Thus to answer the original question of why action nodes are needed: they express low-level robot actions instead of specific desired key poses, they allow us to simultaneously reason about and predict multiple actions, and circumvent the need for manually identifying the stage of the task (as it is done by nodes representing the current observation).

Regarding the effort needed to generate pseudo-demonstrations.

Generating pseudo-demonstrations is an extremely cheap and fast process when compared to collecting the demonstrations in the real world or handcrafting tasks in simulation. Play data that the reviewer refers to is easier to obtain than purposely collecting demonstrations.

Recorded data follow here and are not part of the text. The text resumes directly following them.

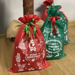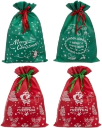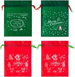 Tento set obsahuje čtyři tašky - dvě červené a dvě zelené, každá s výraznými svátečními potisky, včetně Santa Clause a sněhových vloček. Každá taška je vybavena šňůrkami pro jednoduché a rychlé uzavření, což je velmi užitečné během hektického svátečního období.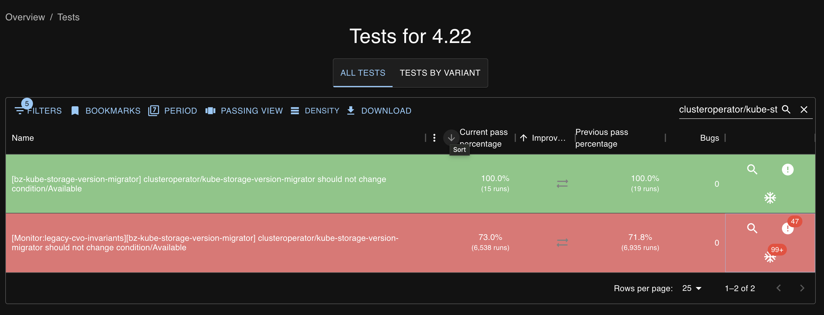 : [Monitor:legacy-cvo-invariants][bz-kube-storage-version-migrator] clusteroperator/kube-storage-version-migrator should not change condition/Available expand_lessRun #0: Failed expand_less1h43m17s{ 0 unexpected clusteroperator state transitions during e2e test run, as desired.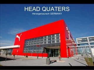 Puma is a Germany-based company that manufactures sports equipment worldwide. It operates in footwear, apparel, and accessories, with product lines for cross training, motorsports, running, soccer, tennis and more. Puma was founded in 1924 and split from Adidas in 1948. It is headquartered in Germany and has over 10,000 employees distributing products in over 80 countries. Puma focuses on driving, racing, casual footwear and apparel, and sponsors Formula One, NASCAR, and is the official sponsor of FIFA World Cup.

However, it still requires significant human time and effort, even though it might not be as mundane as doing the same task over and over again to collect a dataset of demonstrations. Additionally, utilising play data to train an In-Cotext model is not straightforward, as we need multiple trajectories performing semantically the same task. Pseudo-demonstrations, on the other hand, can be generated procedurally without much human effort and they do not need to be dynamically feasible as during deployment proper demonstrations will be used to define real tasks. Thus, even computational requirements are substantially smaller due to not needing to run physics simulations.

评论

Regarding generalisation to novel objects within the same semantic category.

Although we represent the dense point clouds as a set of nodes, these nodes are equipped with features describing the local geometry around the sampled point. We pre-train an occupancy network that encodes and reconstructs these local geometries, enforcing that the information about the complete object geometry is present in our graph representation (we describe this occupancy network in Appendix A).

Thus our model can reason about different object geometries in the context and generalise to completely novel objects at test time. We showcase this in the newly added videos on our anonymous webpage. None of the objects used in these experiments were used during training. Also, note that this is an emergent property of our network - we did not train the model with different objects of the same semantic category. By purposely including such data, the generalisation capabilities could be further increased.

How are sub-goals formulated in the diffusion process? Is it just some horizon the diffusion model is able to generate "in one go"?

Our model predicts a fixed sequence of future actions (in our implementation T=8) expressed as displacements of the end-effector which, when time-scaled, represent end-effector velocities. Our graph representation, in general, can handle an arbitrary number of future action predictions, although with an additional computational cost. It has become a common practice in robot learning to predict multiple actions (~1 second into the future), as it was shown to drastically improve the performance of the learnt policies [1, 2].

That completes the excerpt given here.